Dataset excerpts
——
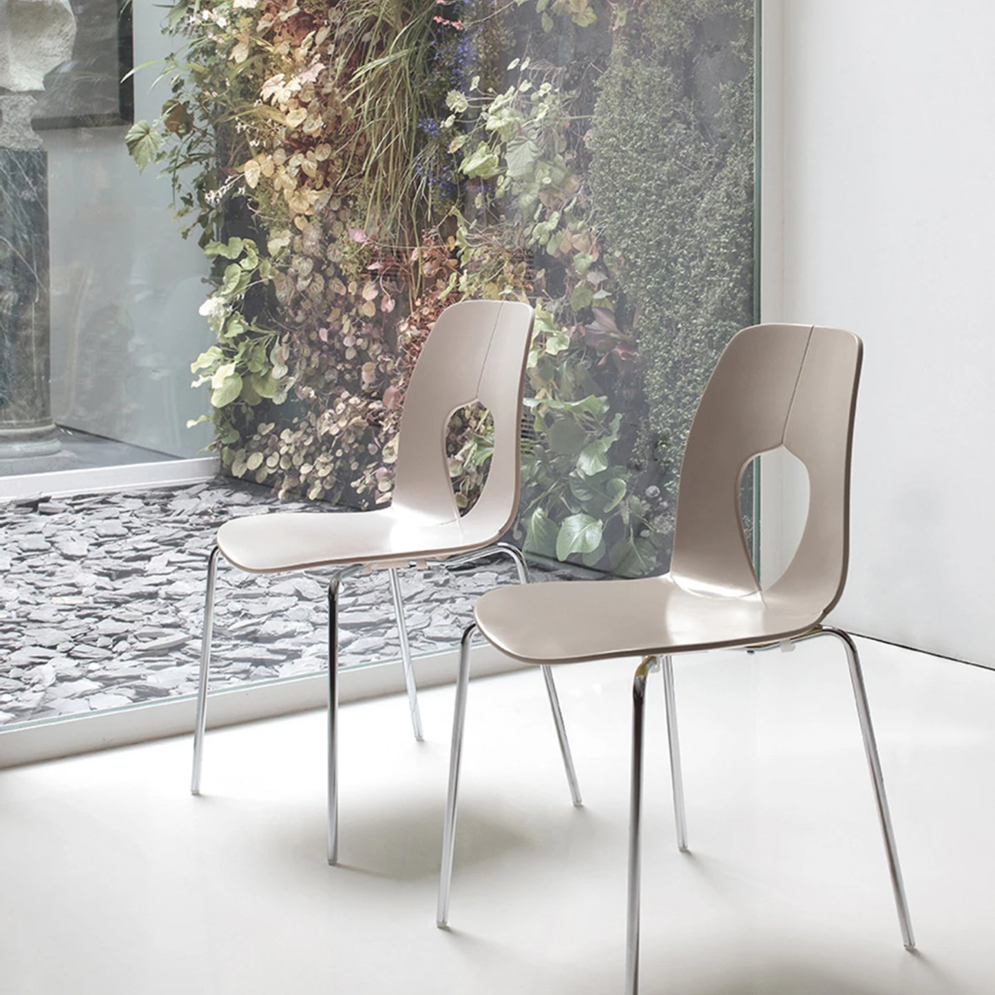 Complementing the durable seat is a meticulously crafted metal structure, which comes in both lacquered and chromed finishes. This versatile base not only enhances the chair's aesthetic appeal but also adds to its sturdiness and stability. The coordination between the metal frame and the chair's upholstery creates a cohesive and stylish look that suits a variety of interior design themes. Whether you opt for a vibrant, bold colour or a subtle, neutral tone, the Hole chair seamlessly integrates into any setting.
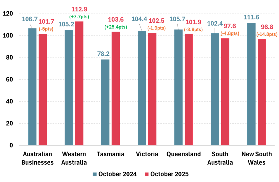 Source: Roy Morgan Business Single Source, October 2024, n=1,884, October 2025, n=1,411. Base: Australian businesses. *Tasmanian Business Confidence is measured over two months: Sept. & Oct. 2024 cf. Sept & Oct. 2025.
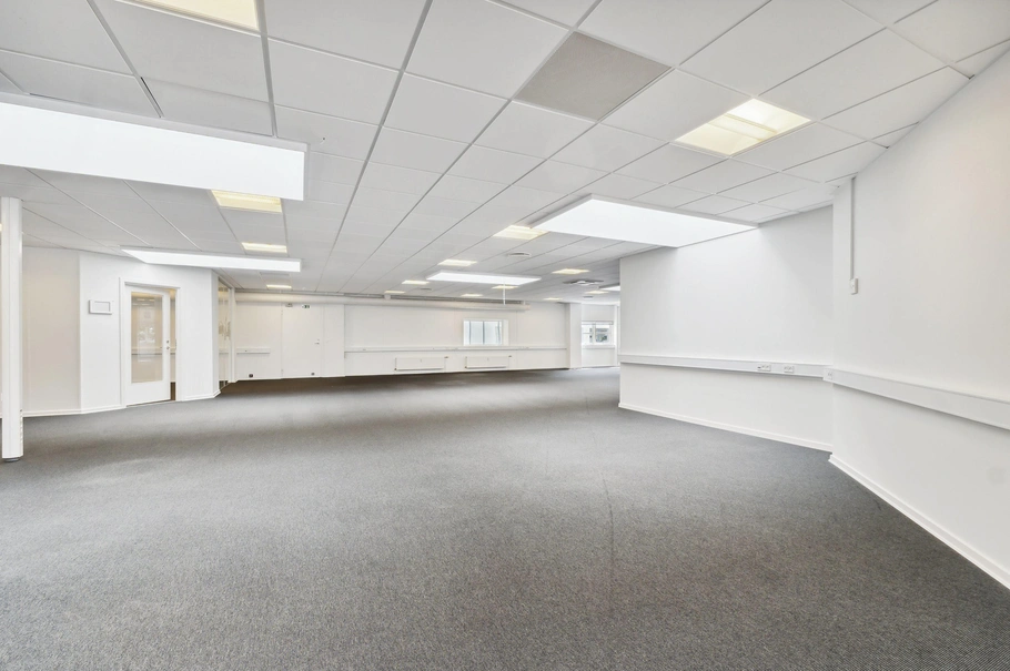 Øvrige ledige lejemål p.t. 139 m², 148 m² og 393 m². Lejemålene, som ligger op ad hinanden, kan med fordel lejes samlet, således at kontorarealet kan udvides efter behov helt op til 1.038 m². Alle kontorerne, der er lyse og imødekommende, udlejes til overkommelig husleje på 750 kr. + driftsudgifter på 57 kr. pr. m². Beløbene tillægges moms.
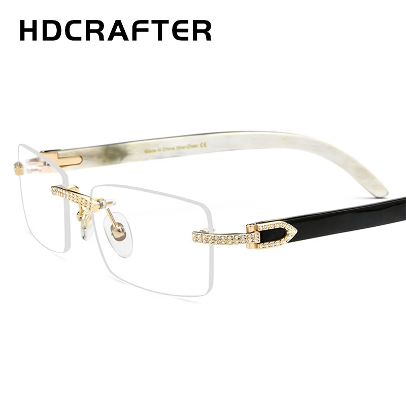 HDCRAFTER Для мужчин Элитный бренд Натуральные Рога Rimless алмазные очки рамки Для женщин Для мужчин оптические очки с диоптриями Квадратные Солнцезащитные очки, солнечные очки
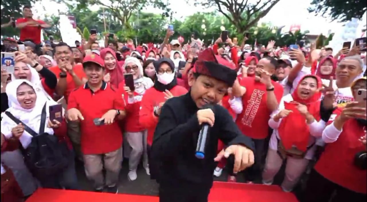 Farel pun langsung mendendangkan lirik lagu ‘Wong ko ngene kok dibanding-bandingke, Saing-saingke, yo mesti kalah’…sontak Bupati Banyuwangi Ipuk Fiestiandani dan puluhan ASN yang hadir langsung bersorak ria turut melantunkan lagu sambil bergoyang.
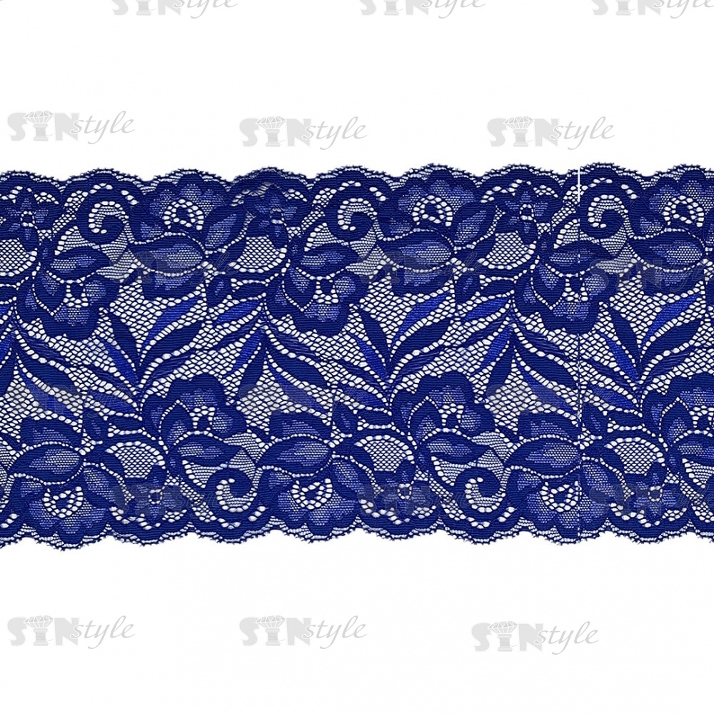 Кружево эластичное, ширина 150 мм, цвет ярко-синий, намотка 15 ярдов, материал лайкра
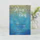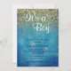 O brilho azul pintado bonito da textura e do ouro polvilha o convite do chá do bebé.
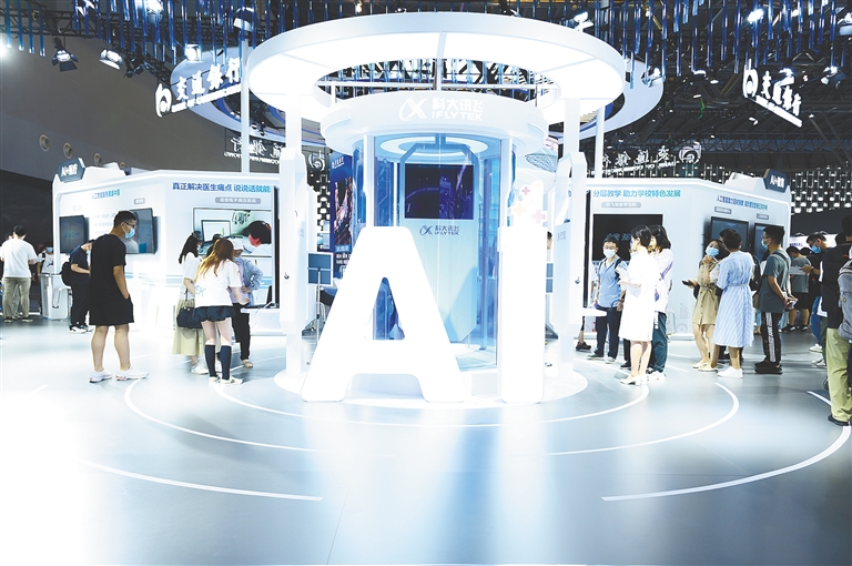 图为观众在2021世界人工智能大会参观。 新华社发(胡智轩摄)
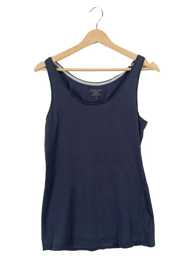 EDC Damen Unterhemd Tanktop Gr. L Basic Blau Baumwolle Elasthan
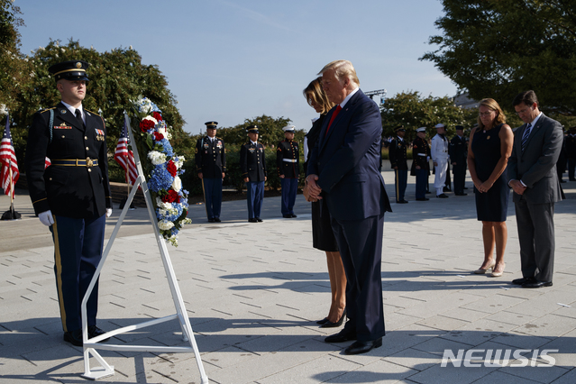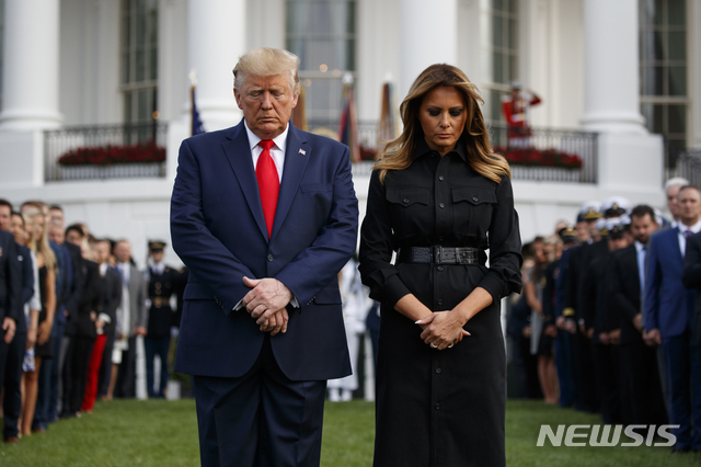 911 희생자 추모식에서 묵념하는 트럼프 대통령 부부
——
BRIEF — Pictures stay out, but every record above is to be returned exactly.

EXERCISE ANSWER —
 Complementing the durable seat is a meticulously crafted metal structure, which comes in both lacquered and chromed finishes. This versatile base not only enhances the chair's aesthetic appeal but also adds to its sturdiness and stability. The coordination between the metal frame and the chair's upholstery creates a cohesive and stylish look that suits a variety of interior design themes. Whether you opt for a vibrant, bold colour or a subtle, neutral tone, the Hole chair seamlessly integrates into any setting.
 Source: Roy Morgan Business Single Source, October 2024, n=1,884, October 2025, n=1,411. Base: Australian businesses. *Tasmanian Business Confidence is measured over two months: Sept. & Oct. 2024 cf. Sept & Oct. 2025.
 Øvrige ledige lejemål p.t. 139 m², 148 m² og 393 m². Lejemålene, som ligger op ad hinanden, kan med fordel lejes samlet, således at kontorarealet kan udvides efter behov helt op til 1.038 m². Alle kontorerne, der er lyse og imødekommende, udlejes til overkommelig husleje på 750 kr. + driftsudgifter på 57 kr. pr. m². Beløbene tillægges moms.
 HDCRAFTER Для мужчин Элитный бренд Натуральные Рога Rimless алмазные очки рамки Для женщин Для мужчин оптические очки с диоптриями Квадратные Солнцезащитные очки, солнечные очки
 Farel pun langsung mendendangkan lirik lagu ‘Wong ko ngene kok dibanding-bandingke, Saing-saingke, yo mesti kalah’…sontak Bupati Banyuwangi Ipuk Fiestiandani dan puluhan ASN yang hadir langsung bersorak ria turut melantunkan lagu sambil bergoyang.
 Кружево эластичное, ширина 150 мм, цвет ярко-синий, намотка 15 ярдов, материал лайкра
 O brilho azul pintado bonito da textura e do ouro polvilha o convite do chá do bebé.
 图为观众在2021世界人工智能大会参观。 新华社发(胡智轩摄)
 EDC Damen Unterhemd Tanktop Gr. L Basic Blau Baumwolle Elasthan
 911 희생자 추모식에서 묵념하는 트럼프 대통령 부부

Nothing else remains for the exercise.